Brontë describe con espeluznante detalle la forma en que la enfermedad diezma la escuela y al final, Jane es una sobreviviente imprevisible de una tragedia que nadie conocerá. “Pero no hasta que su virulencia y el número de sus víctimas llamaron la atención del público en la escuela. Se investigó el origen del flagelo y poco a poco salieron a la luz varios hechos que despertaron la indignación pública en un alto grado” cuenta Brontë a través de sus personajes. El dolor y el miedo son presencias inevitables, abrumadoras, destructoras de la moral, pero en especial, son parte de la manera en que Jane vive en medio de rigores y el asedio del miedo. “Con el tiempo, me convertí en la primera chica de la primera clase; luego fui investida con el cargo de maestra” Jane escapa a su destino a la manera que Charlotte quiso hacerlo, sin lograrlo. Y mientras la novela avanza — y el personaje se topa con el amor, una herencia inesperada y al final, la felicidad — es evidente que el centro real de la narración es la muerte, lo inevitable y el terror del olvido, todo en medio de un clima desgarrador de miseria.
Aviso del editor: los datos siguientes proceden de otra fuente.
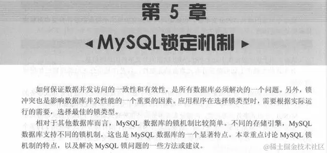 第5章介绍MySQL锁定机制。包括MySQL锁定机制的概述MyISAM表级锁和InnoDB行级锁。
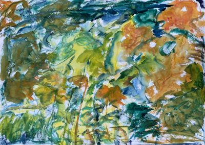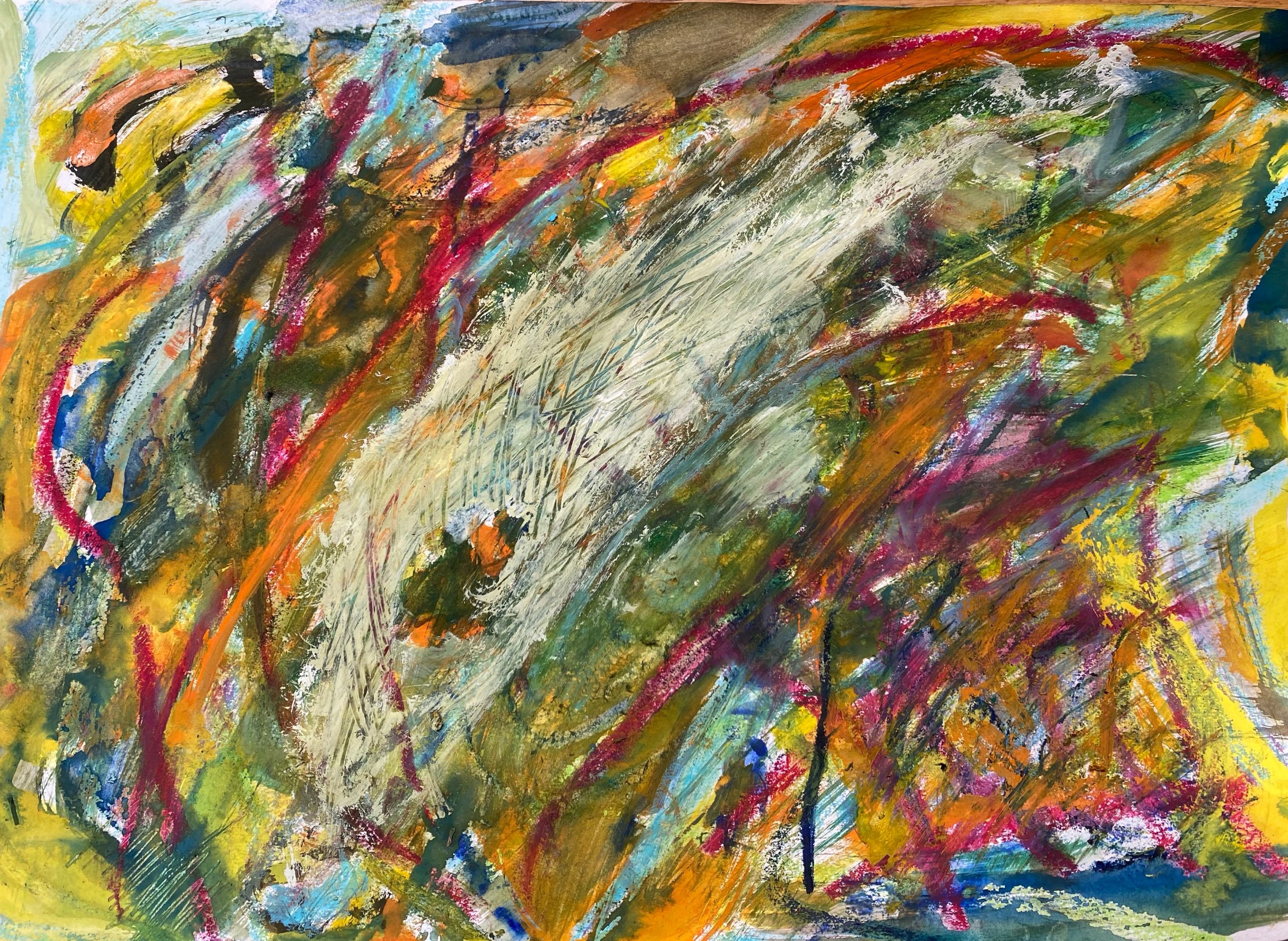 Autumn colours, abstract in watercolour and gouache, 60 x84 cms. Oct ’24.

Algo que Brontë muestra a través de una imagen desgarradora de la tumba de Helen Burns, un recuerdo fragmentado en la mente de Jane. “Durante quince años después de su muerte … solo estuvo cubierto por un montículo de hierba; pero ahora una tablilla de mármol gris marca el lugar, inscrito con su nombre”. Al final, Jane escapa a la muerte y a la pobreza, algo que Brontë intentó a través de su obra y logró solo a medias.
Charles Dickens estuvo convencido que escribir era una forma de “rescatar la esperanza”, Mary Shelley de “encontrar sentido a la oscuridad” mientras que Charlotte Brontë insistió en que las palabras “podrían obrar deslucidos prodigios”. Cada uno de ellos narró el tiempo en que vivió de una manera por completo distinta, pero a la vez, completo esa mirada al tiempo y a la permanencia de la memoria que aun subsiste y aun sigue siendo importante. De nuevo, la escritura como espacio único en medio de las sombras, una versión de la identidad colectiva que sobrepasa cualquier frontera y que brinda sentido a la vida, más allá de sus horrores y dolores. Una forma de libertad.